Wildfires in Kharkiv green zone are among the greatest dangers both in terms of risks to life and health of the population, industrial and infrastructural resources, and from the ecological point of view due to forest ecosystem damage. The large population in the metropolis seriously increases the risk of forest fires, which threatens the existence of forests in this area. Due to this, the study of the changes in the health condition of damaged stands will give the possibility to develop predictions and scenarios for damaged forests and forestry treatments to stabilize them.

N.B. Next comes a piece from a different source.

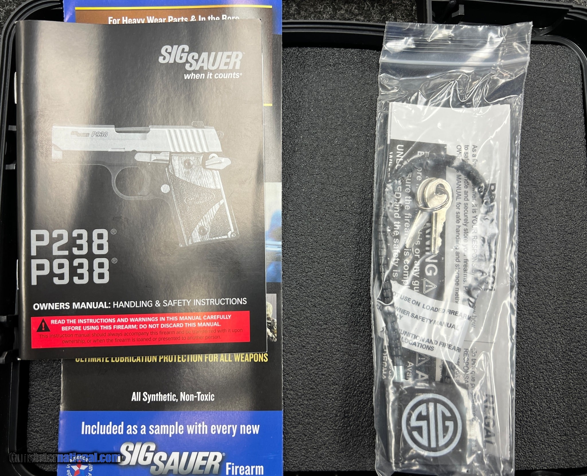 Description: Guns Listing ID: 380939 Sig Sauer pistols are engineered to perform anywhere, at any time, and under any circumstance. They boast unique, advanced features that stand out among the rest. The P938 Micro-Compact is inspired by the P238, is easy to conceal and even easier to shoot. It features an all-metal frame and longer slide and barrel. The cocked-and-locked single-action trigger gives the P938 unmatched accuracy, while the ambidextrous safety makes it easy for left- and right-handed shooters. This model has an aluminum alloy frame with a black hardcoat anodized finish, stainless steel slide with a black nitron finish, contrast sights, black polymer grip. ITEM WAS PUT IN THE SAFE, IT SEEMS IT WAS NEVER FIRED *******INCLUDES********* TWO 7 ROUND MAGAZINES ONE 6 ROUND MAGAZINE HOLSTER PAPER WORKS IN ORIGINAL BOX SOLD Manufacturer: SIG SAUER Model: P938 BLACKWOOD TWO 7 ROUND, ONE 6 ROUND MAGAZINE w/night sights Caliber Info: 9 MM Condition: Used - Non-Certified Barrels: 3 BARREL Finish: STAINLESS AND BLACK |
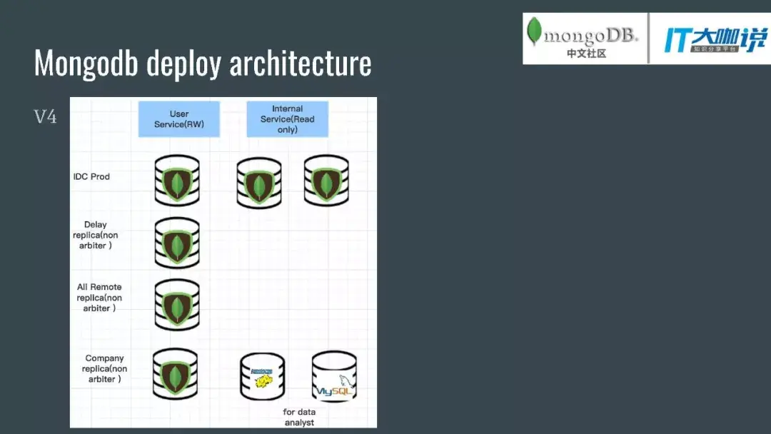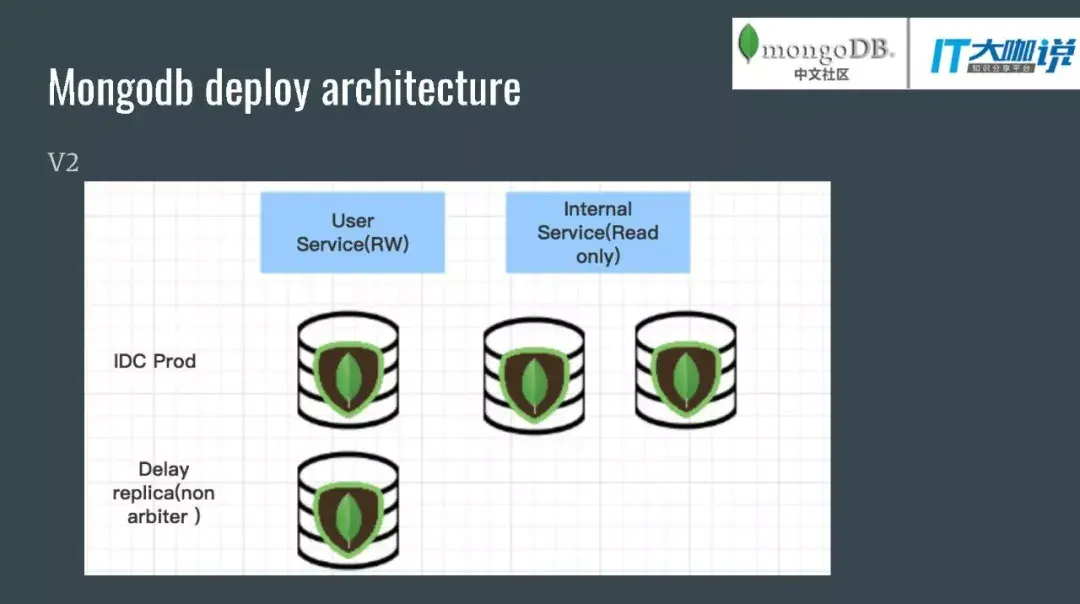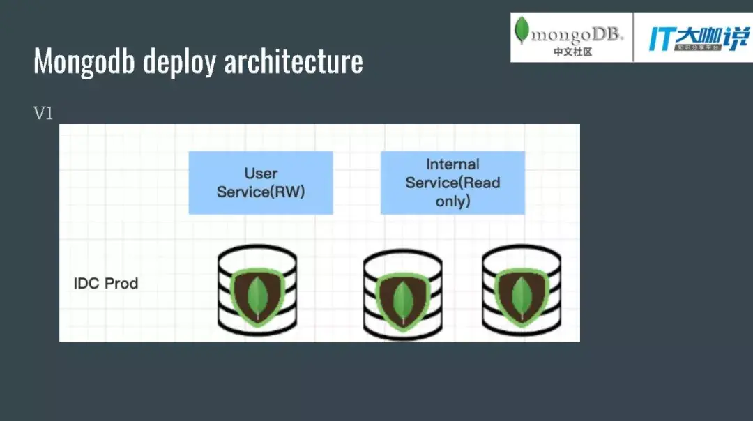 我们最初版本的Mongodb部署很简单,三个节点在IDC机房部署一个读写分离的架构。

The aim of the study was to assess the long-term dynamics of the health condition of pine stands in Kharkiv green belt, damaged by surface fires.
Materials and Methods
The study is based on data obtained during long-term monitoring of damaged pine stands. Sample plots were established during 2007–2011 in the pine stands within Vasyshchevo Forestry in Zhovneve State Forest Enterprise. The health condition of the trees in the stands was assessed in the year of fire damage, and annually for 13 years period. Taxonomic and morphological characteristics such as tree height, diameter, and Kraft class of trees were determined. The intensity of damage to stands was assessed by the level of defoliation (loss of needles, %) and discoloration of tree crowns (%). The health condition index (Ic) was calculated as a weighted average of different categories of health condition of each tree in the stand (from I to VI).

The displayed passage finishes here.